Methods: High-frequency rTMS was applied to occipital and frontal lobes in 12 patients with chronic fatigue and cognitive dysfunction 3 months after severe acute respiratory syndrome coronavirus 2 infection. Before and after ten sessions of rTMS, Brief Fatigue Inventory (BFI), Apathy Scale (AS), and Wechsler Adult Intelligence Scale-fourth edition (WAIS4) were determined and N-isopropyl-p-[123I]iodoamphetamine single photon emission computed tomography (SPECT) was performed.
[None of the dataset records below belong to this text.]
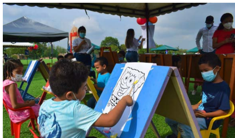
Los niños disfrutaron de actividades cargadas de cultura, arte, música, danzas, malabaristas y show canino.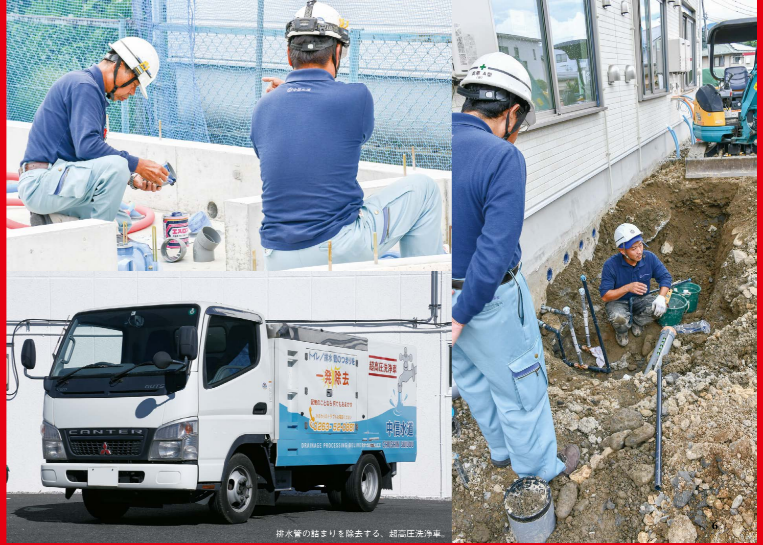
排水管の詰まりを除去する、超高压洗浄車。

株式会社 中信水道 長野県塩尻市大門7番町4番16号 TEL：0263-52-0881 FAX：0263-52-5523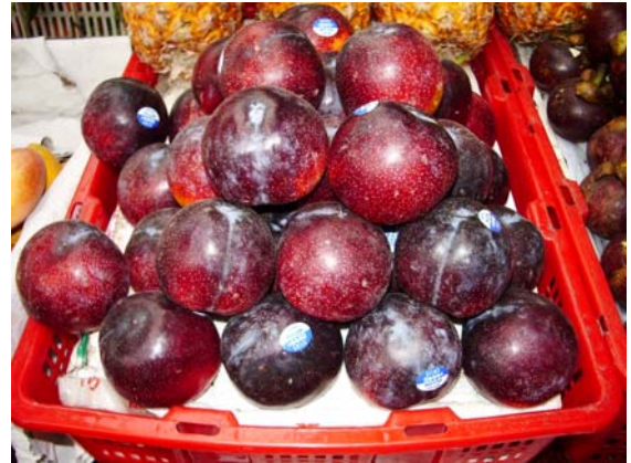
ภาพที่ 40. พลัม (Plum) หรือ ลูกไหนด

Results: Twelve subjects completed ten sessions of rTMS without adverse events. The mean age of the subjects was 44.3 ± 10.7 years, and the mean duration of illness was 202.4 ± 114.5 days. BFI, which was 5.7 ± 2.3 before the intervention, decreased significantly to 1.9 ± 1.8 after the intervention. The AS was significantly decreased after the intervention from 19.2 ± 8.7 to 10.3 ± 7.2. All WAIS4 sub-items were significantly improved after rTMS intervention, and the full-scale intelligence quotient increased from 94.6 ± 10.9 to 104.4 ± 13.0. Hypoperfusion in the bilateral occipital and frontal lobes observed on SPECT improved in extent and severity after ten sessions of rTMS.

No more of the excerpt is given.